Shouldn't shareholders vote on takeover defences? Arcelor and NewsCorp. in the news

When companies adopt poor governance policies, shareholder indignation knows no bounds.. and now, it knows no international boundaries.

Earlier this week, the Luxembourg-based steel company Arcelor said it had transferred control of its recently acquired Canadian unit to a Dutch foundation in a bid to block a takeover offer from Mittal Steel. This action (taken without consulting shareholders) drew criticism from shareholders for its lack of shareholder democracy.

The more restrictive Luxembourg corporate law does not allow shareholders (owning less than 20% of shares) to submit resolutions for discussion in an annual meeting, enabling management to make this decision without consulting shareholders.
French shareholder activist Colette Neuville argued that Arcelor should adopt provisions more in line with other European countries, allowing shareholders to vote on takeover defences.

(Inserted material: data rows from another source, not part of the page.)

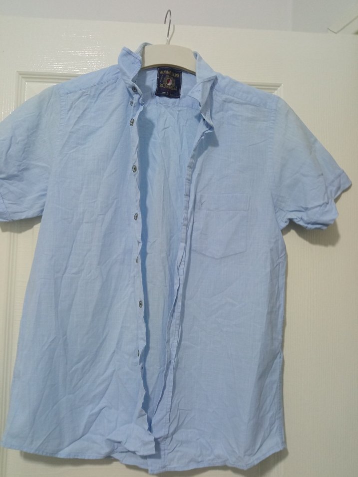 Pastel mavi renkte, keten kumaştan, düğmeli, kısa kollu, yakalı ve cep detaylı bol kesim erkek gömleği. Günlük rahat sokak stili için uygundur.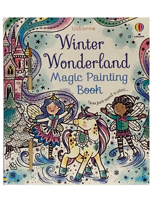 London: Usborne Publishing Limited, 2023. Reissue. Soft Cover. Fine. 8x0x9. Bongini, Barbara; Ritson, Emily. Brand new from publisher, includes paintbrush. 2023 Soft Cover. [32 pp.] Filled with wintry whimsy, from ice-skating unicorns to snow castles, northern lights and other fantastical delights. Use the brush provided to sweep water over the designs and festive colors magically appear! A mess-free way to keep children busy for long winter nights and for the holidays. Simply tuck the waterproof back flap under each page as it's painted, to stop water from seeping through to the rest of the book.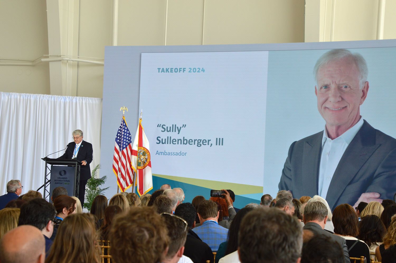 Der Hauptredner von TAKEOFF 2024 war Kapitän „Sully“ Sullenberger, den viele als den Piloten kennen, der 2009 einen Airbus A320 der US Airways sicher auf dem Hudson River landete, nachdem ein Vogelschlag zum Ausfall eines Doppeltriebwerks geführt hatte.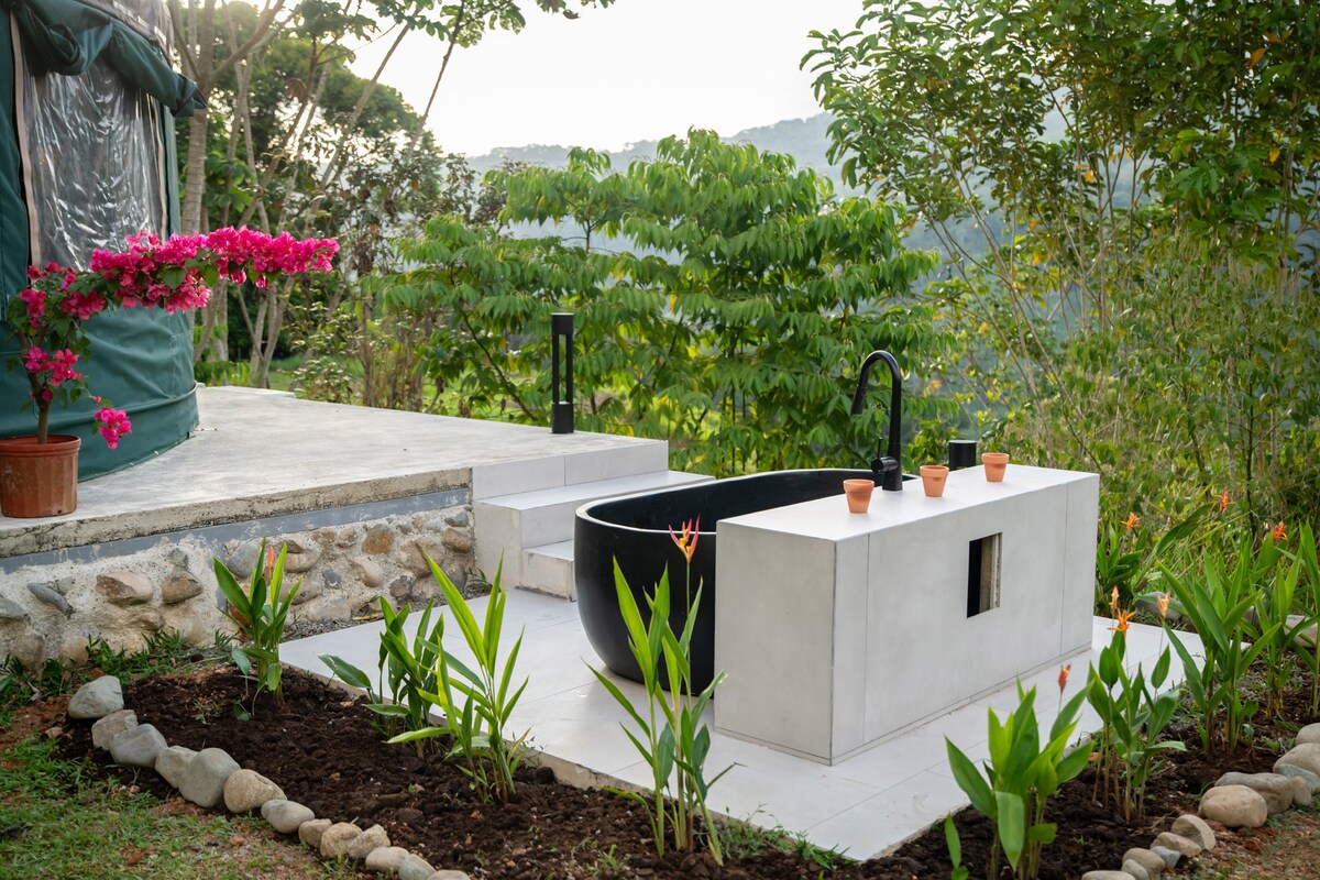 Disappear into 168 acres of pristine Costa Rican jungle with mountain panoramas, trails to your own private swimmable river, and a custom soaking tub perfectly positioned for stargazing. This architect-finished yurt is as close to off-grid magic as it gets, without sacrificing a single creature comfort. The water is piping hot from the solar heater, and the water comes directly from the springs on the property. Reconnect with nature at this unforgettable escape.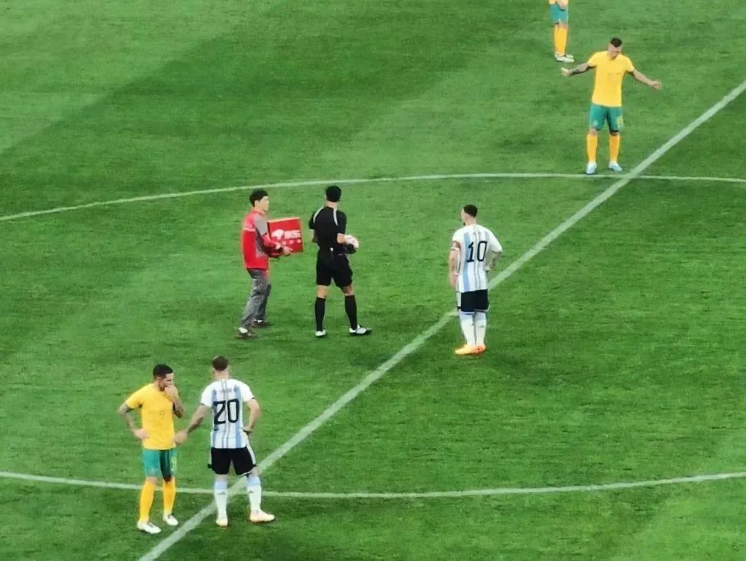 我们回到比赛中。这时,一个京东快递小哥飞奔着出现,打开快递盒,把一颗足球送到了主裁手中,并向梅西挥了挥手。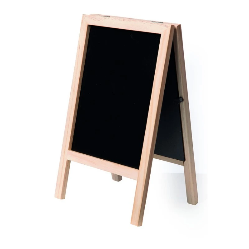 Mini chevalet de table pour présenter menu et plat du jour. Ardoise synthétique de chaque coté. Couleur hètre. Hauteur : 24 cm, largeur : 15 cm, profondeur fermée : 2 cm.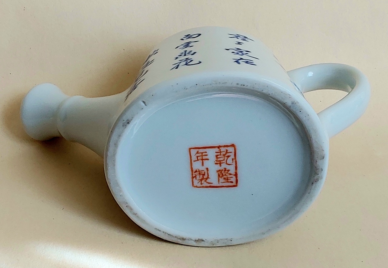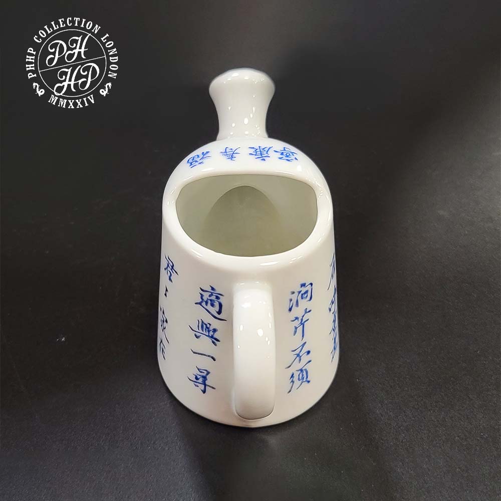 This Tea Pot is produced in a hand written cobalt blue under glazed poetry writing calligraphy for the imperial appreciation. All characters on this master piece porcelain are hand written to display, preserve and transfer, as it depicts the finest quality calligraphy by an unknown master painter serving personally in the direct supervision of the heads such as Emperor and his key people at the imperial courts.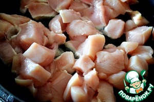 Нарезаем филе на кусочки, солим, перчим, обжариваем в раскаленном масле до полной прожарки и появления равномерной румяной корочки.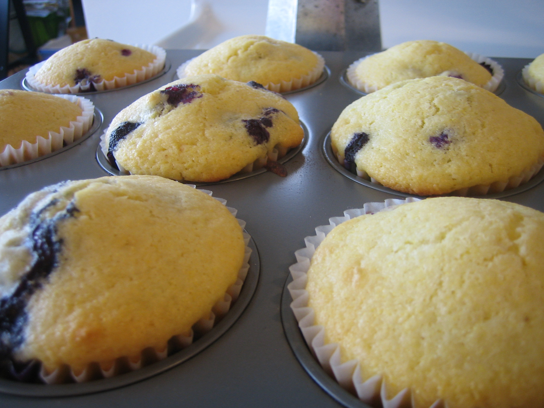 Lemon Blueberry Cornmeal Muffins, recipe taken from the 2012 Milk Calendar.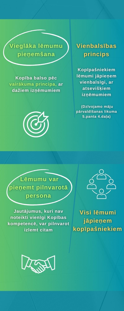 Īpašuma tiesība uz dzīvokļa īpašumu dzīvokļa īpašniekam rada ne vien pilnīgas varas tiesību uz to, bet arī uzliek noteiktus pienākumus. Viens no šādiem dzīvokļa īpašnieka un pienākumiem ir Dzīvojamo māju pārvaldīšanas likuma 5.panta pirmajā daļā noteiktais pienākums nodrošināt dzīvojamās mājas pārvaldīšanu, kas ietver arī ar dzīvojamās mājas pārvaldīšanu saistītu lēmumu pieņemšanu un darījumu slēgšanu. Ja dzīvojamā māja ir sadalīta dzīvokļu īpašumos, ar dzīvojamās mājas pārvaldīšanu saistīti lēmumi tiek pieņemti Dzīvokļa īpašuma likumā noteiktajā kārtībā.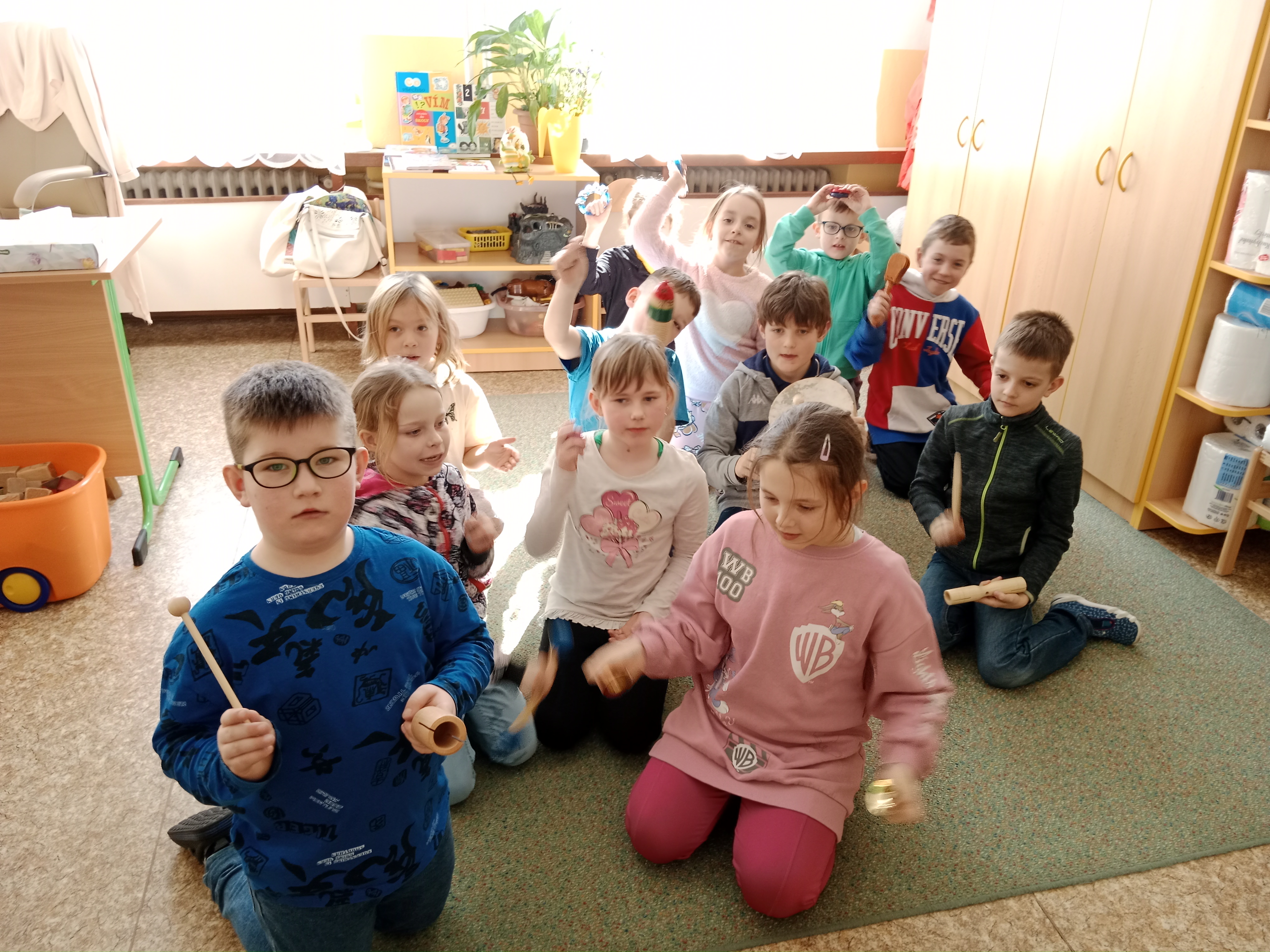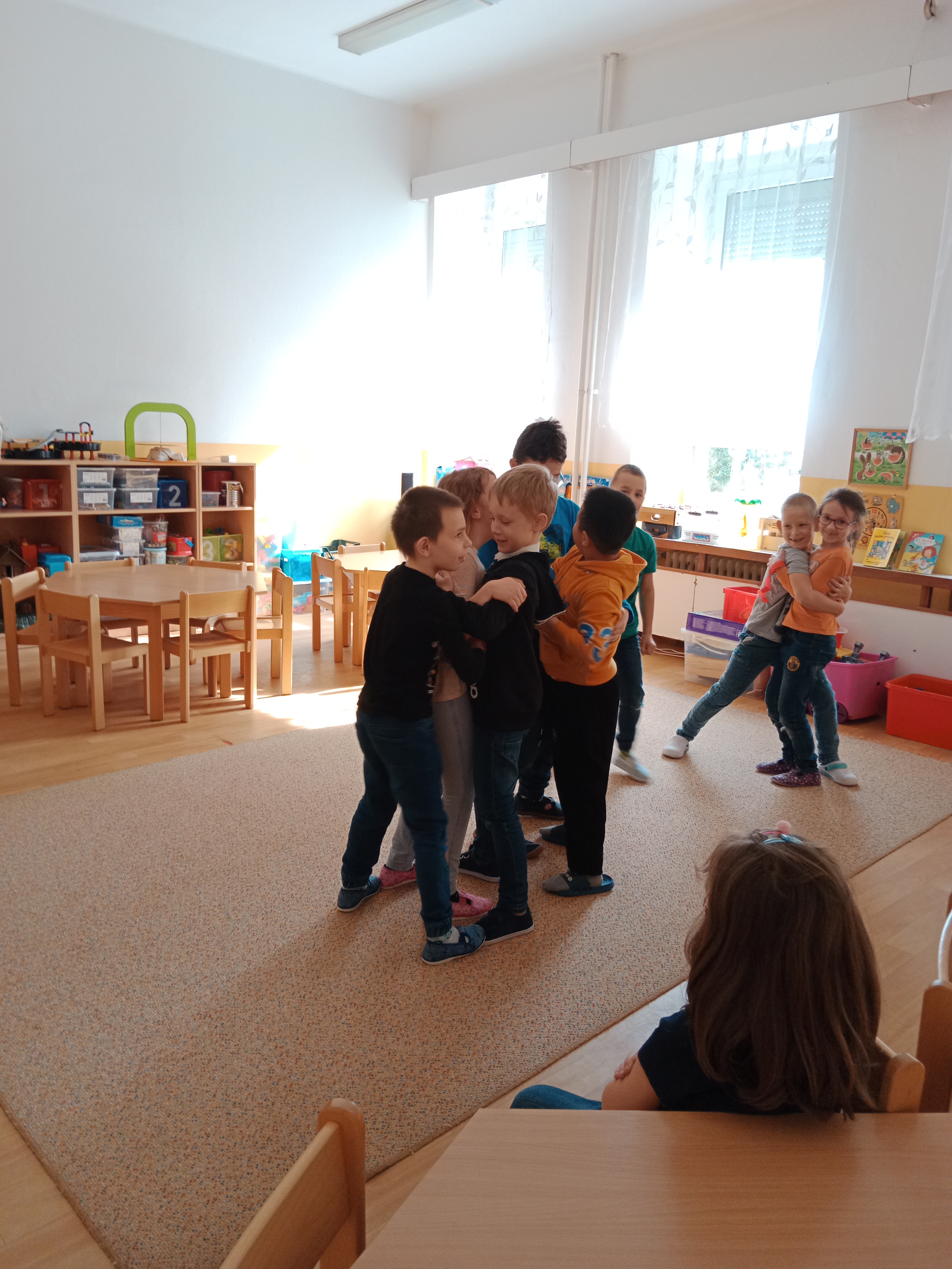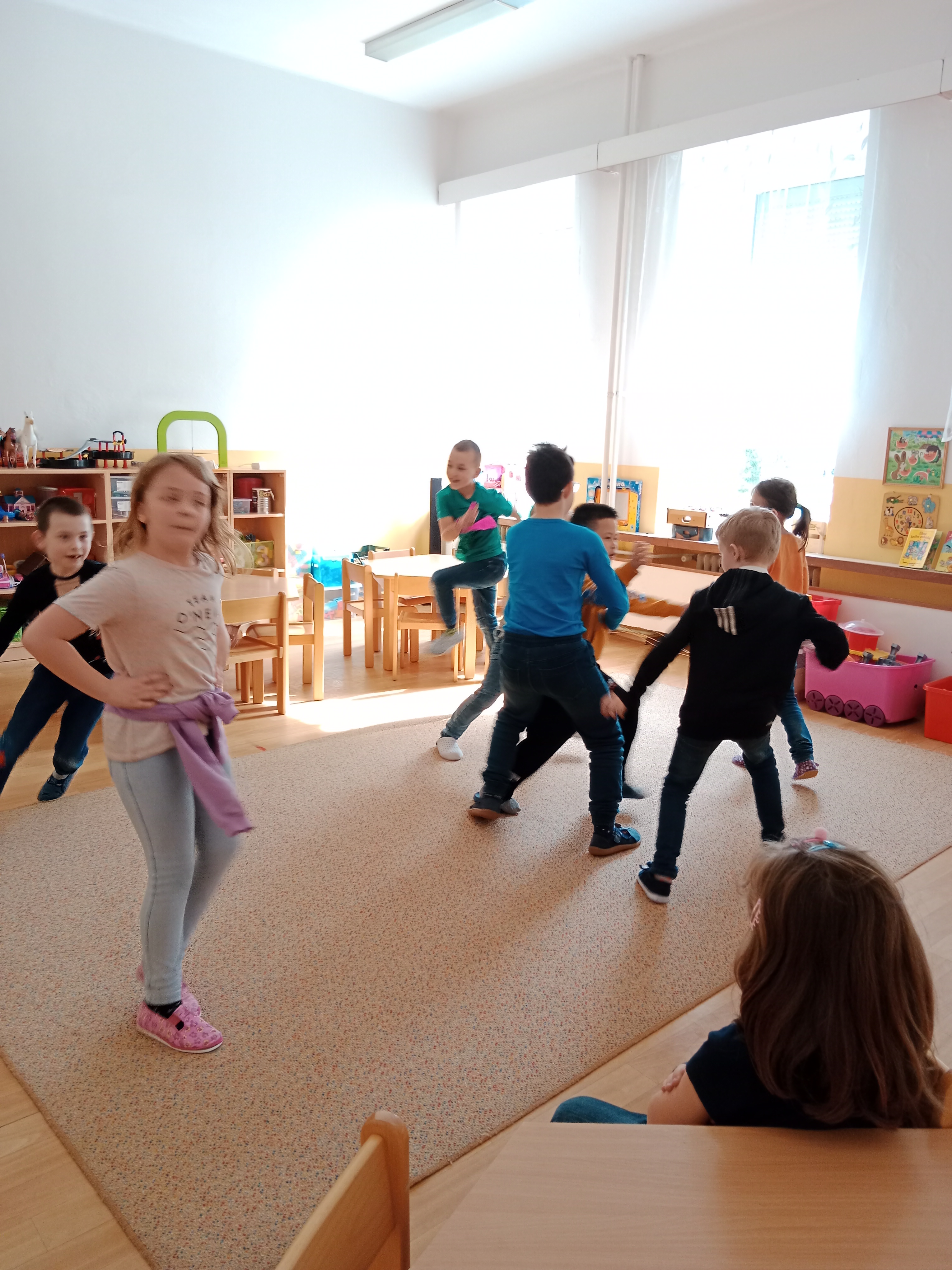 Nezapomínáme ani na zpěv a tanec, pohybové hry, zkoušeli jsme koordinační cviky.

On the same day, a group of institutional shareholders in the US settled their lawsuit against News Corp. over the company's extension of an anti-takeover poison pill provision that was perceived to be against shareholders' interest.
The real reason for rejoicing was not the poison pill itself, but the result that shareholders could vote on takeover defences in the future.

"Through the settlement, shareholders have the guaranteed right to vote on the poison pill now, and on subsequent poison pills for the next twenty years. This is a great victory for shareholder rights." said the lawyer representing the institutional investors.